Formula 1

Red Bull Call For Ban On Qualifying “Party Modes”

2 Mins read
Lewis Hamilton after securing pole-position Australian GP 2018
Credit: Mercedes AMG PETRONAS Motorsport/Wolfgang Wilhelm

Aston Martin Red Bull Racing are leading the call for Formula 1’s governing body to ban “party modes” from being used in qualifying.

Lewis Hamilton’s impressive gain in performance in qualifying for the 2018 Australian Grand Prix has focused conversation in F1 circles on special engine modes.

Hamilton and Mercedes AMG Petronas Motorsport deny that they deployed any sort of “party mode” in Australia. But the circumstances surrounding Hamilton’s pole-position lap have left Red Bull adamant their rivals used some form of special engine mode.

Now, Red Bull’s Helmut Marko and Christian Horner have called for Formula 1 drivers to use the same engine settings for qualifying and the race.

“They got nervous because Valtteri Bottas crashed, and all of a sudden they put full power on,” Red Bull’s Helmut Marko told “As we call it, party mode.

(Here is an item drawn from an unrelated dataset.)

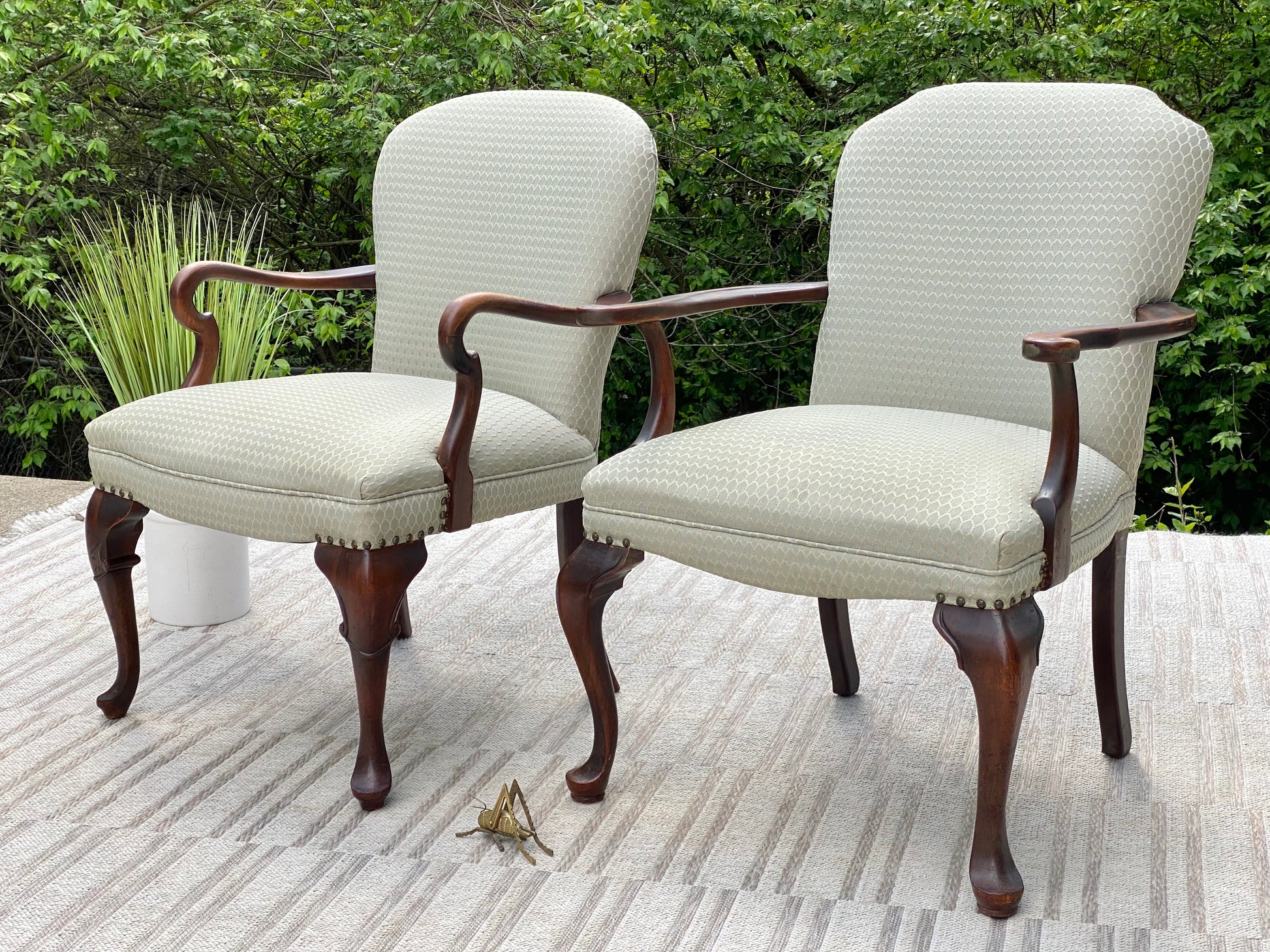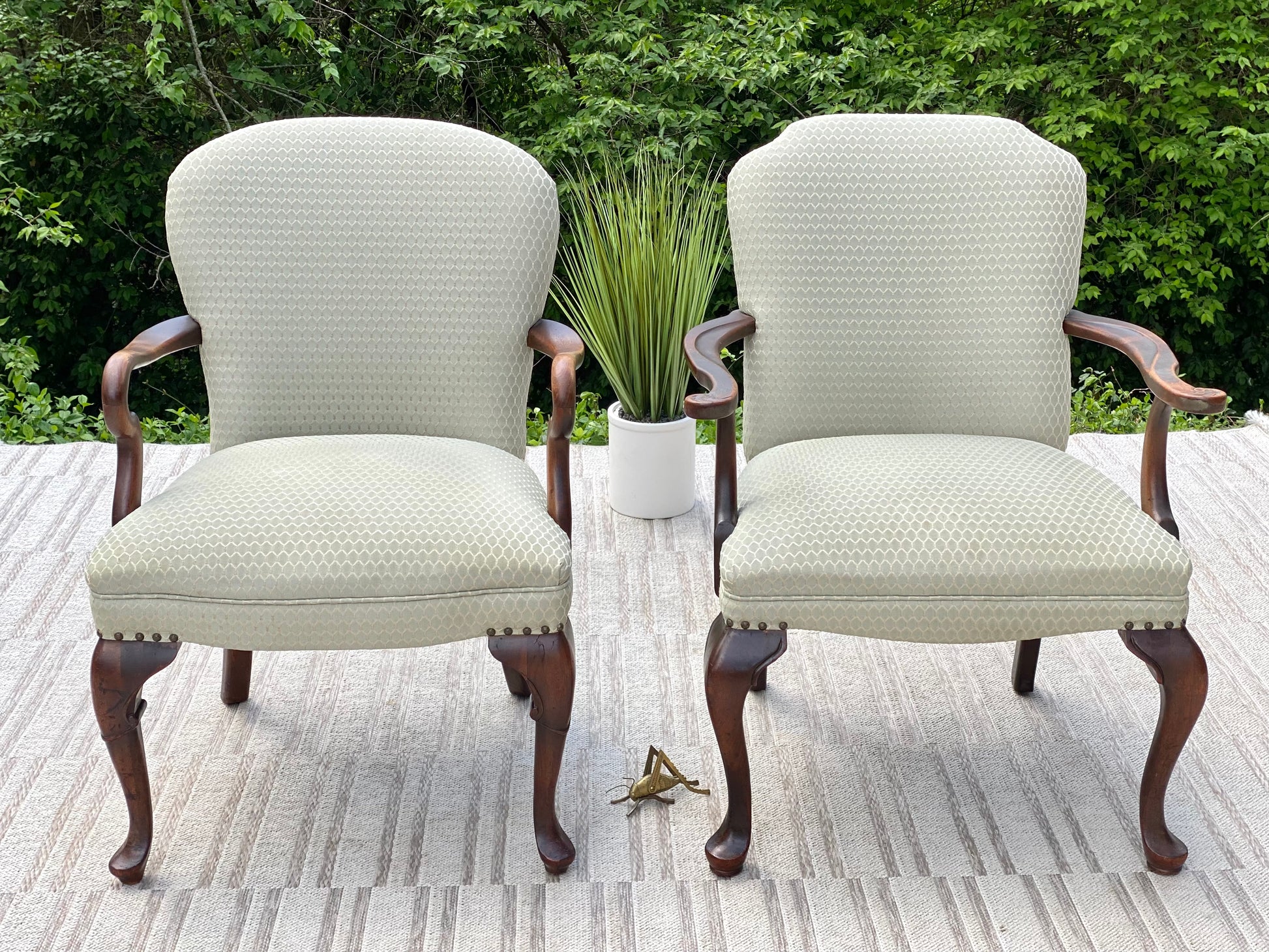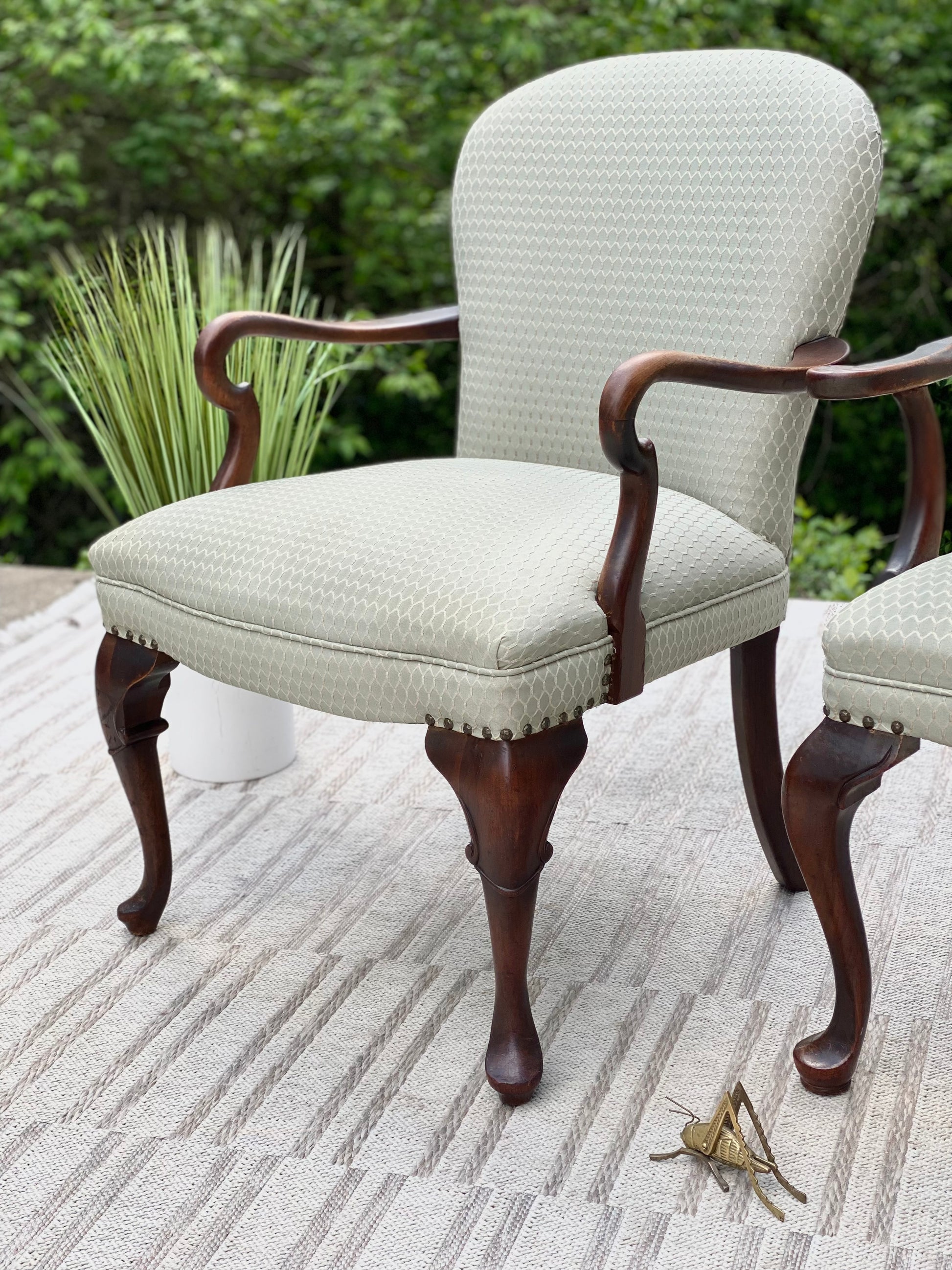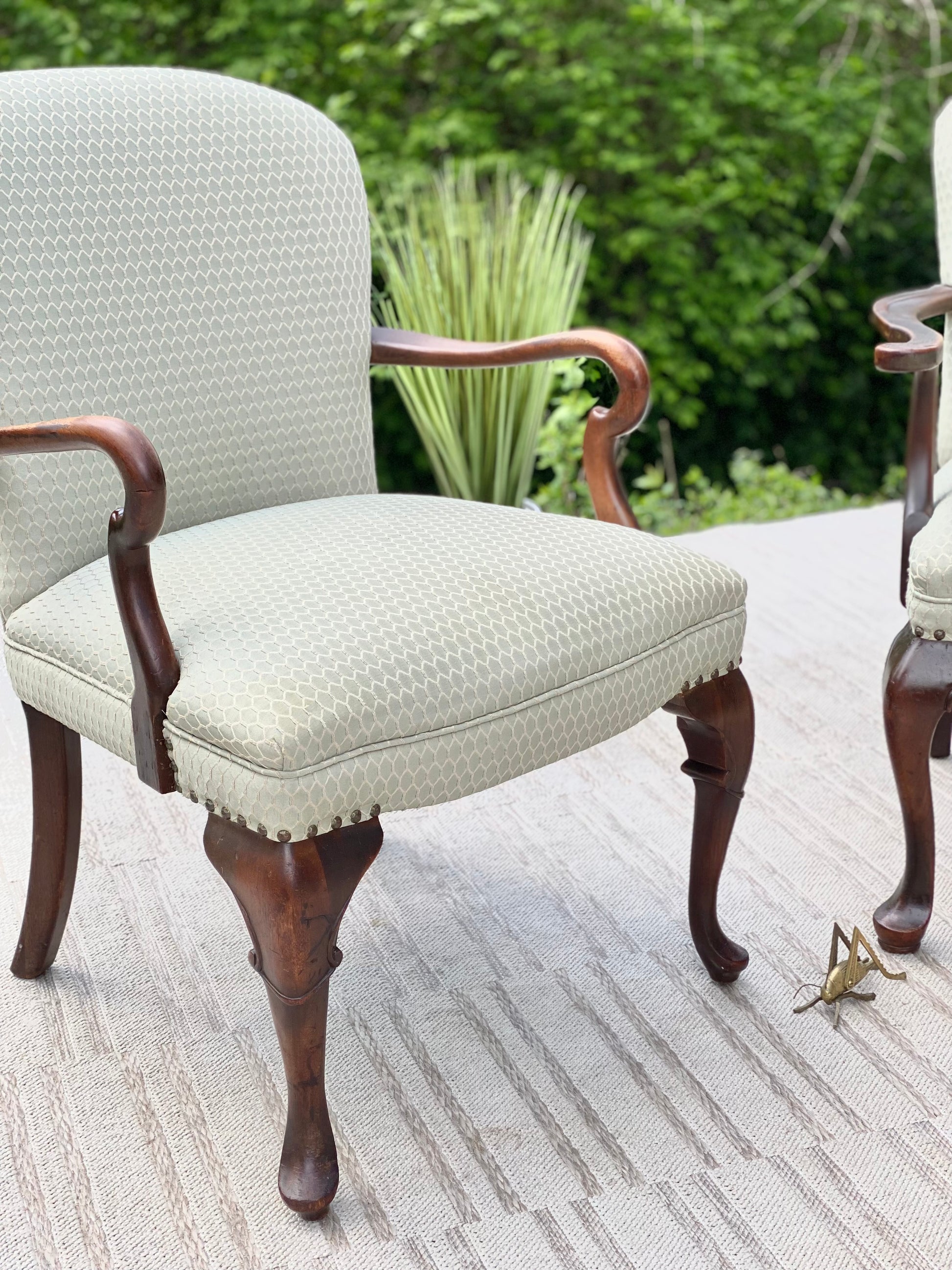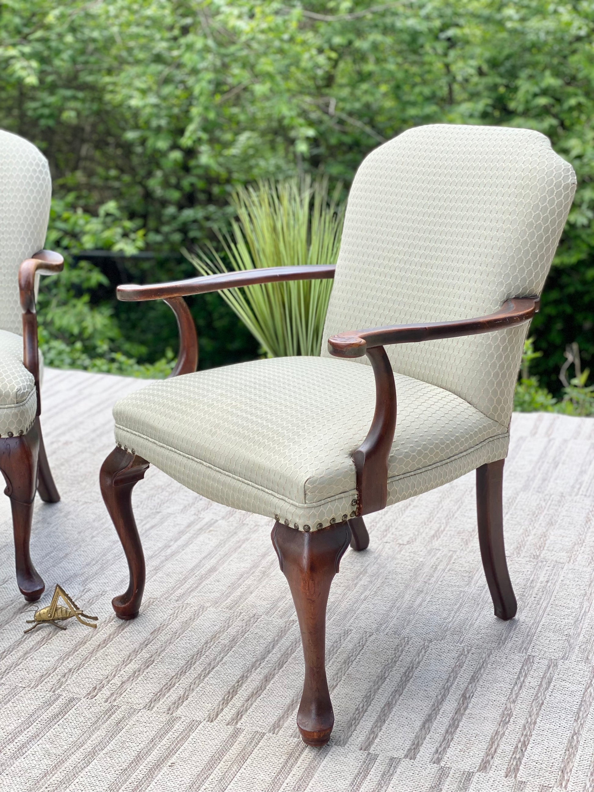 SOLD - Fresh find! 🌱❄️ Check out this beautiful pair of freshly upholstered vintage accent chairs. Wooden frames with a brass pin design. Different arm design on each chair and would work perfect around the house. 36” x 27” x 24” Good condition

“They normally don’t need it, so they used all of it, and it’s obvious that they are playing with all of us.

“In the beginning it was just as who were complaining, and it was, ‘Red Bull is always complaining.’ Fortunately after qualifying the others woke up, and now there’s a lot of discussions.

“There are so many relatively easy things to solve it, and make it more equal. You could say that you should race with the mode that you do qualifying with. That would be a solution.

“They could do it for the next race, and then it won’t happen for the next race.”

Red Bull team principal Christian Horner agreed that fixing the modes after qualifying would be a good solution and maintain a level of competitiveness across the whole weekend.

“You could say that you run the same engine modes for the weekend,” he told “It was a hell of a party – we would like to go to those kinds of parties!

“You can see it. Q1, Q2 last year, they don’t take any risks, and then they wind it up in Q3. Obviously the margin from Q2 to Q3 was significant – the track didn’t rubber in that much.

“Admittedly Max [Verstappen] made a little mistake, we should have potentially been within half a second, probably about what the delta is in modes.

“It is something that should be considered, that you effectively have a parc ferme, the moment you drive out for qualifying, that is your engine mode for quali and the race.

“It’s up to the FIA, it’s down to them to work out what they want to do.”